Wednesday, October 1, 2008

The Law of Chaos...aka The Law of Jacob

Chaos, pandemonium and the frequency and decibel level at which a 3-year-old will demand chocolate milk will rise in direct proportion to the importance of information the contractor is attempting to convey to the mother--all multiplied by the number of veins popping out in the mother's forehead as she attempts to restrain herself from murdering her children in front of the chimney sweep man.
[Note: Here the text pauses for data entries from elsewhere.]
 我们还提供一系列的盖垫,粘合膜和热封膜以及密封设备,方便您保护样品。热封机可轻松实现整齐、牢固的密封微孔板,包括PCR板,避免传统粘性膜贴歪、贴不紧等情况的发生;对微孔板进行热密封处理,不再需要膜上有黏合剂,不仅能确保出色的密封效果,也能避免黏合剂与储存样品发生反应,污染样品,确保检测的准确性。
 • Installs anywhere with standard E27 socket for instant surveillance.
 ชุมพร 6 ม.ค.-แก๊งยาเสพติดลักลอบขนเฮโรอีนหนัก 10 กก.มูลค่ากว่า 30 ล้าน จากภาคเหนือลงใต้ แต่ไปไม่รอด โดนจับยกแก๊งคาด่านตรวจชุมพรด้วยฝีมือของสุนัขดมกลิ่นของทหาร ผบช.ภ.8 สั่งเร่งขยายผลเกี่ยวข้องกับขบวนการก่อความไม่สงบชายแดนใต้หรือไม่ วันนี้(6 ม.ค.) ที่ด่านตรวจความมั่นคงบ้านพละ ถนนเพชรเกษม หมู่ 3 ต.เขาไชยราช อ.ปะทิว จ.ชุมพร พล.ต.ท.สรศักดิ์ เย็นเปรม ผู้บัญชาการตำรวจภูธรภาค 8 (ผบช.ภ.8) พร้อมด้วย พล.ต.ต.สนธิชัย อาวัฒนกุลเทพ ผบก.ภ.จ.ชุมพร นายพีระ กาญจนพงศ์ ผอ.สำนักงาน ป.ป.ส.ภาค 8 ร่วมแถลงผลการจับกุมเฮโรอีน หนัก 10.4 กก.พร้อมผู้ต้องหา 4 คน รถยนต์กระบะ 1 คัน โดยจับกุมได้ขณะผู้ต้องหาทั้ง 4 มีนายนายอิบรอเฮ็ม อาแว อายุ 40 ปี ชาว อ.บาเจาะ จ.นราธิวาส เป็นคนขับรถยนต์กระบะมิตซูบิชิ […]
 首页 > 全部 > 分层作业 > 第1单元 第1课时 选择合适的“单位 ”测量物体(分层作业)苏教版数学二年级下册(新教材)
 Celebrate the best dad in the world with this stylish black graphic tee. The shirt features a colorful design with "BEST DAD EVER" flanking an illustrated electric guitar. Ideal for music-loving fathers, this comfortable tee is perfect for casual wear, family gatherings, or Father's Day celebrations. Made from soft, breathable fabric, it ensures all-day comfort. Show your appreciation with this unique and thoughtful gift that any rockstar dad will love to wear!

Subtract X and you have the formula for the formation of Black Holes. (This same formula can also be applied to telephone conversations)
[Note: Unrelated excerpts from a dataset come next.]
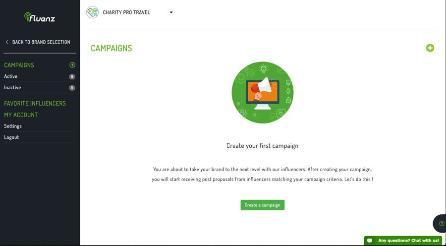 Avec Ifluenz, vous sautez tout cela et commencez à créer des campagnes dès que vous êtes connecté. L’interface simple et attrayante vous guide tout au long du processus. Il n’est pas nécessaire de lire les fichiers d’aide et rien à l’écran ne vous distrait de chaque étape. Vous vous connectez, remplissez le profil de votre entreprise, puis vous êtes guidé tout au long du processus de configuration de la campagne. Rédiger le brief est plus que simple : il vous suffit de remplir les blancs. Comment s’appellera la campagne ? Quel est le but ? Quelle est la catégorie de votre entreprise ? Quels sont vos critères pour les influenceurs ?
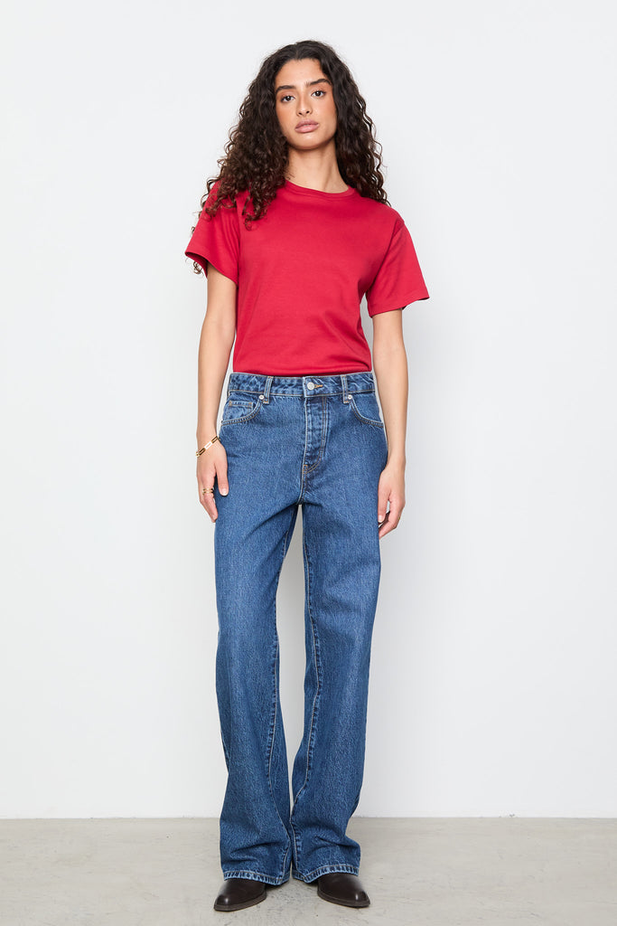 Billie er designet for å være behagelig og avslappet, med en løs passform over hofter og lår. De sitter perfekt på hoftene og har et rett, løst ben i full lengde. Nå i tommer.
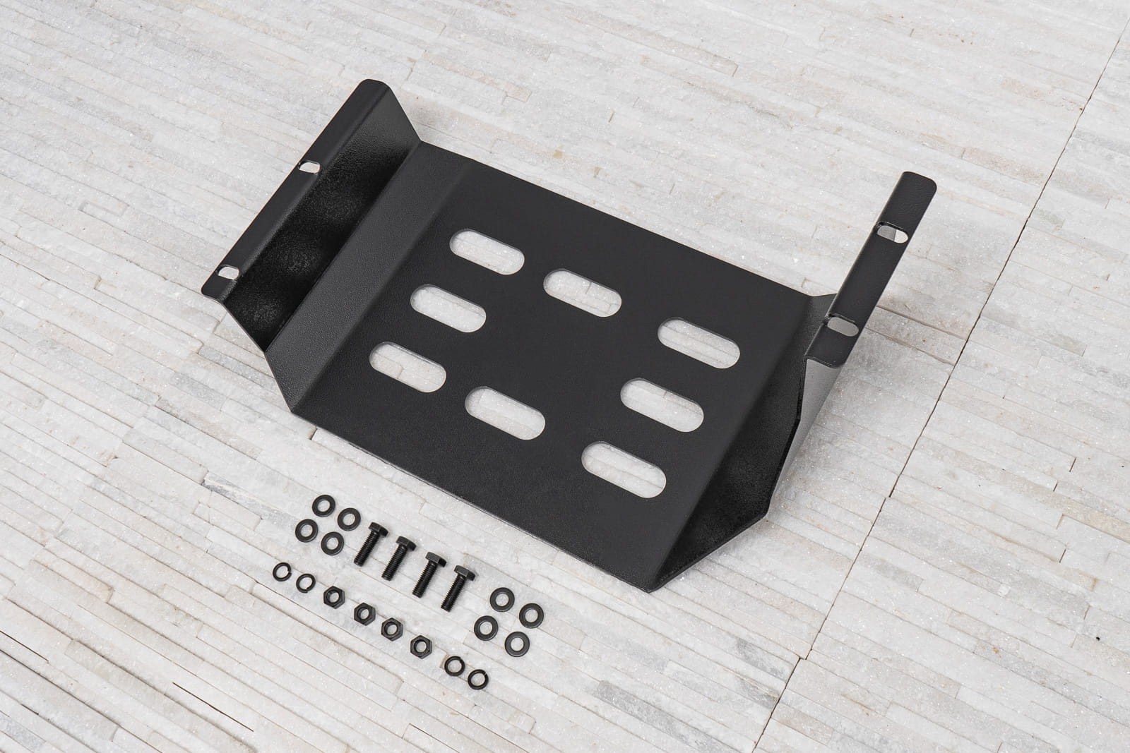 Osłona wykonana jest z bardzo wytrzymałej stali o grubości 4 mm, malowanej proszkowo na kolor czarny. Montowana w fabrycznie przeznaczone do tego miejsca w podwoziu samochodu. Nie wymagają wiercenia.

Oh yes, the very same Chimney Sweep who, upon observing the weakened state of the mother, attempted to ease her pain by suggesting that he can just go ahead and take care of the necessary work today--since he's already here and everything. Yeah, not going to happen. Just because I somehow cannot find a way to complete a sentence does not mean that I'm actually impaired in anyway.
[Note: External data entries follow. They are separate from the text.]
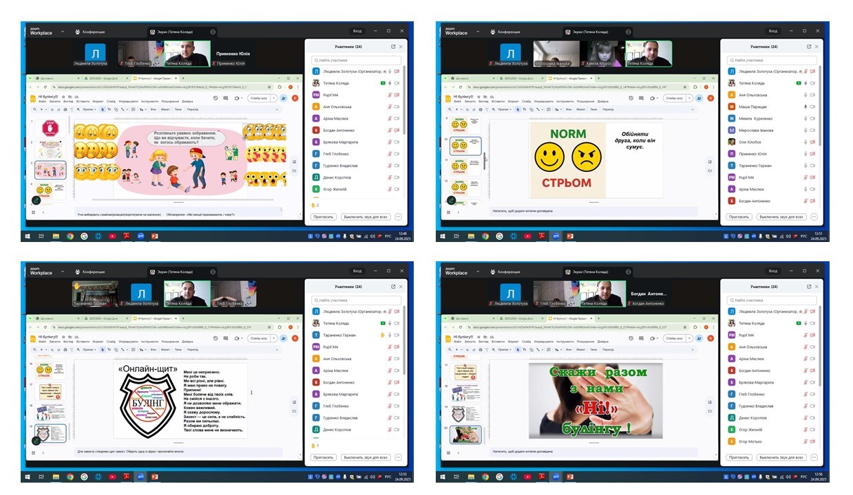 24 вересня 2025 року для учнів 5-А класу (класний керівник Золотуха Л.І.) соціальний педагог Коляда Р.В. провів класну годину на тему "Скажемо разом "НІ" булінгу!", під час якого учні вчилися розпізнавати прояви булінгу та шукати способи йому протидіяти. Школярі активно брали участь у вікторині «Норм \ Стрьом», обговорювали різні життєві ситуації та створили символічний «Щит захисту», що об’єднав їх навколо цінностей дружби та взаємоповаги.
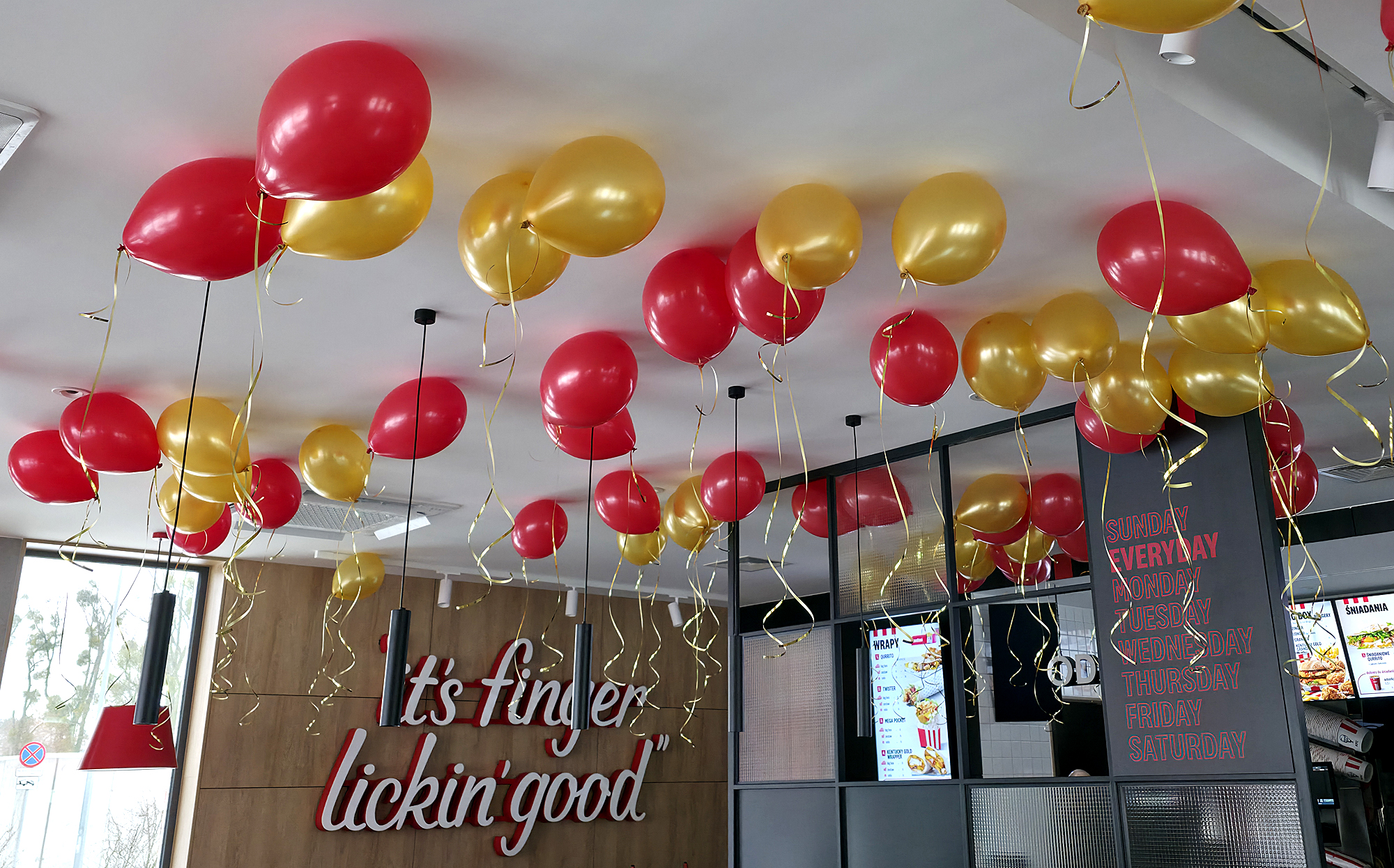 Dekoracja z balonów na otwarcie restauracji KFC W Starogardzie Gdańskim
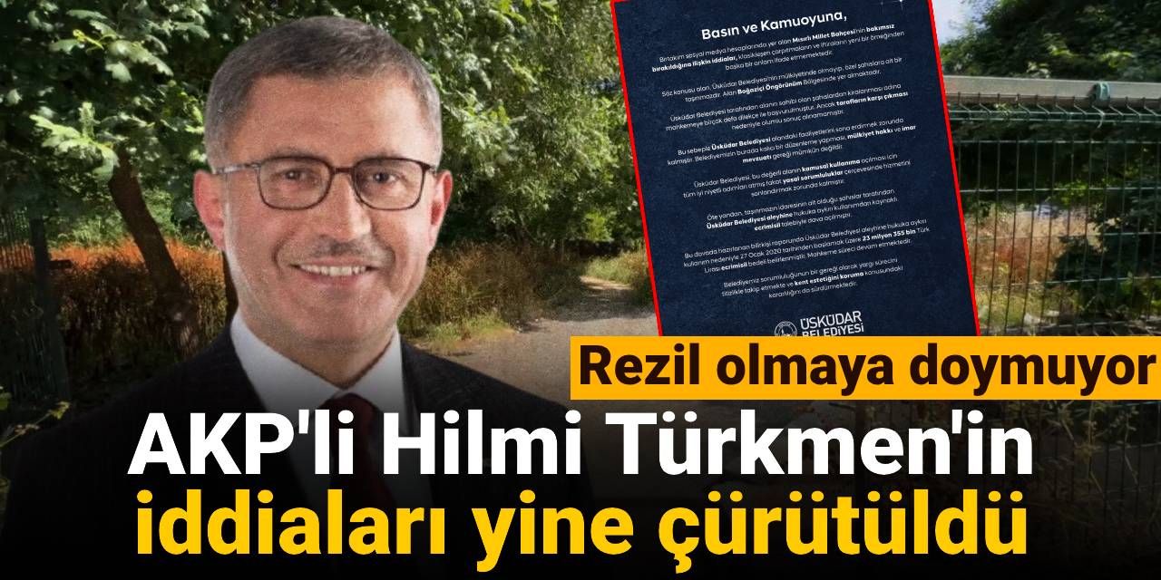 Türkmen’in yaptığı paylaşıma Üsküdar Belediyesi'nden yazılı bir açıklama yapıldı. Açıklamada, Mısırlı Millet Bahçesi’nin bulunduğu alanın belediye mülkiyetinde olmadığı belirtildi.
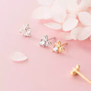 ANYCO Fashion Earrings Gold 925 Sterling Silver Sweet Bowknot Crystal Zircon Small Stud for Women Ladies Jewelry
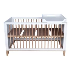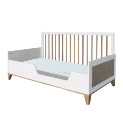 Le lit bébé Nami Théo est un lit évolutif dont le couchage en 70 x 140 cm permet d’accompagner votre bébé de la naissance jusqu’à 5 ans. Son sommier est réglable en 3 hauteurs. Le lit bébé Nami peut être associé au plan à langer qui se fixe directement sur les rebords du lit. Un kit de conversion disponible en option vous permet de transformer ce lit bébé en un élégant lit junior. Le design sobre et épuré du lit Nami Théo est idéal pour une chambre bébé durable. En associant subtilement bois et rotin dans ses collections de mobilier enfant, la marque Théo propose un style de chambre à la fois contemporain et rétro qui apporte un vent de fraîcheur dans l’univers de la déco enfant.
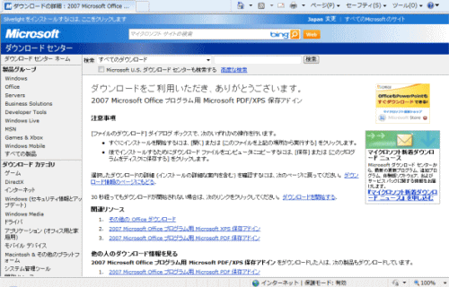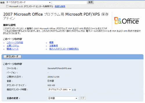 2007 Microsoft Office プログラム用 Microsoft PDF/XPS 保存アドイン

The ironic part is that a fireplace was one of our top "must haves" on our list when we were house hunting. We should have specified working and functional. Instead we settled on oh, my Lord, we're all going to die in our sleep if we use our fireplace. And now it appears we won't get to use our fireplace this winter either. Phooey.

2 comments:

Irene said...

Why not, if all it takes is a good sweeping? Or was he trying to rip you off?

Dori said...

Nah, he wasn't trying to rip me off--the chimney needs legitimate work--he had offered to go ahead and replace the cap and damper ($500). A lot of the work we can do ourselves but I wasn't about to tell him that! He did sweep--much to my son's delight. The man had a rapt audience for that portion!